Berkley Fire Department Offers Hot Weather Safety Tips Ahead of Potential Heat Wave

Berkley Fire Rescue
Scott Fournier, Chief
5 N Main St.
Berkley, MA 02779

For Immediate Release

Friday, July 19, 2019

Contact: Benjamin Paulin
Phone: 781-742-3922
Email: [email protected]

 

Berkley Fire Department Offers Hot Weather Safety Tips Ahead of Potential Heat Wave

BERKLEY – As the hottest weeks of summer approach, Chief Scott Fournier would like to remind residents to take safety precautions during their summer activities, especially those that take place outdoors.

“With temperatures and humidity levels expected to climb this weekend, residents are encouraged to familiarize themselves with the steps they should take to stay safe, as well as the symptoms of heat illness,” Chief Fournier said. “Pay close attention to children, the elderly and pets.”
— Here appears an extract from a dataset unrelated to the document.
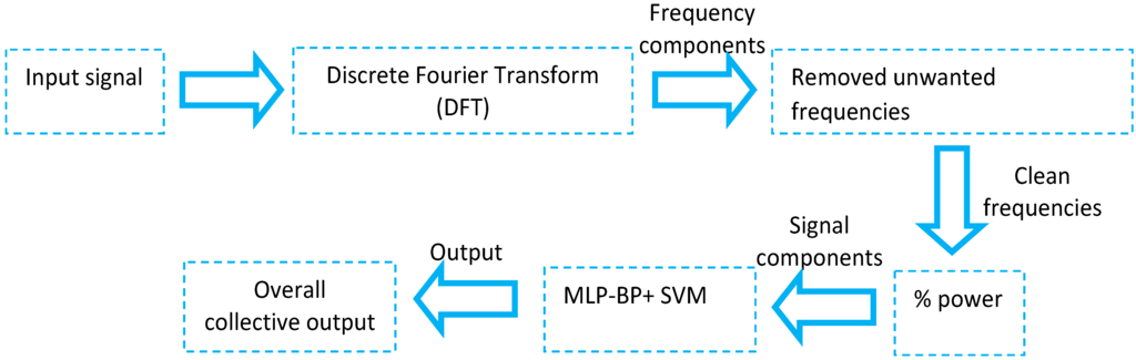 In the latest research, Priyanka G. Bhosale et al. [] had engaged in the grouping of two classifiers: (1) Support Vector Machine (SVM) and (2) Multilayer Perceptron Backpropagation (MLP-BP) for PD detection from the background EEG signals. Figure 5 shows the overall methodology presented in this research. Useful features were extracted by applying the Discrete Fourier Transform (DFT) and the statistical features are then calculated from these clean frequency components using % power formula in order to obtain different frequency bands, which are the inputs for the classification stage. For the classification stage, SVM selects a discriminate hyper plane that maximizes the margins, which is the distances from the nearest training points for class identification. By using SVM, it enables classification with two types of boundaries: linear decision boundaries (linear SVM) or nonlinear decision boundaries using “kernel trick” (e.g., Gaussian SVM, Radial Basis Function (RBF) SVM, etc.). On the other side, MLP is a feed forward artificial neural network model utilizing a supervised learning technique known as backpropagation for training the network. Both classifiers were combined together instead of using a single classifier as SVM provides best training accuracy while MLP provides the best testing accuracy than others. The experimental results had shown that the combination of both classifiers had the capability to make an identification between the two classes of datasets: Healthy or Parkinson’s [].
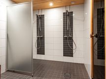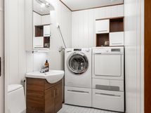 - Sauna, sähkökiuas, kylpyhuone, suihku 2 kpl, suihkuseinä, allaskaappi, pesukoneliitäntä, lattialämmitys kylpyhuoneessa, kiinteät valaisimet.

The National Weather Service is expecting temperatures to reach into the 90s throughout the weekend in Berkley. Regionally, temperatures are forecast to be in the 90s to lower 100s, and Saturday is expected to be the hottest day.
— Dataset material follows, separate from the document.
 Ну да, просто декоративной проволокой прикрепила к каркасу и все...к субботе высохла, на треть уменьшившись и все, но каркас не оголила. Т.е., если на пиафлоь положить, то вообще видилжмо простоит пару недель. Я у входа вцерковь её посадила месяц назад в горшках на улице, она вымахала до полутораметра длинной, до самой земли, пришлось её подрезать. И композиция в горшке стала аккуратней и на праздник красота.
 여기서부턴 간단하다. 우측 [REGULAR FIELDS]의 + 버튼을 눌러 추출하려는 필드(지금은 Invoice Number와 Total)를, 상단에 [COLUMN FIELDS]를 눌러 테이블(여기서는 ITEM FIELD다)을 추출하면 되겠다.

An Excessive Heat Watch has been issued by the National Weather Service for most of Massachusetts on Saturday from 11 a.m. to 9 p.m.

To prevent illness and injuries, the Berkley Fire Department recommends the following safety tips from the American Red Cross and National Safety Council:

Heat Safety Tips:

  • Hot cars can be deadly. Never leave children or pets in your vehicle. The inside temperature of the car can quickly reach over 100 degrees, even on a 70 degree day.
  • Stay hydrated by drinking plenty of fluids, like water.
  • Check on family, friends and neighbors who do not have air conditioning, who spend much of their time alone or who are more likely to be affected by the heat.
  • If someone doesn’t have air conditioning, they should seek relief from the heat during the warmest part of the day in places like libraries, theaters, malls, etc.
  • Wear loose-fitting, lightweight, light-colored clothing. Avoid dark colors because they absorb the sun’s rays.
  • Slow down, stay indoors and avoid strenuous exercise during the hottest part of the day, which is typically around 3 p.m.
  • Postpone outdoor games and activities if the temperature is too hot.
  • Avoid extreme temperature changes.
  • Take frequent breaks if working outdoors.
  • Check on animals frequently to ensure that they are not suffering from the heat. Make sure they have plenty of cool water.
  • Learn to recognize and treat heat illnesses.

Tips for Parents:

  • Limit playtime at peak sun exposure time and familiarize yourself with the signs of heat illnesses.
  • Avoid burns. If playground equipment is hot to the touch, it is too hot for your child’s bare skin.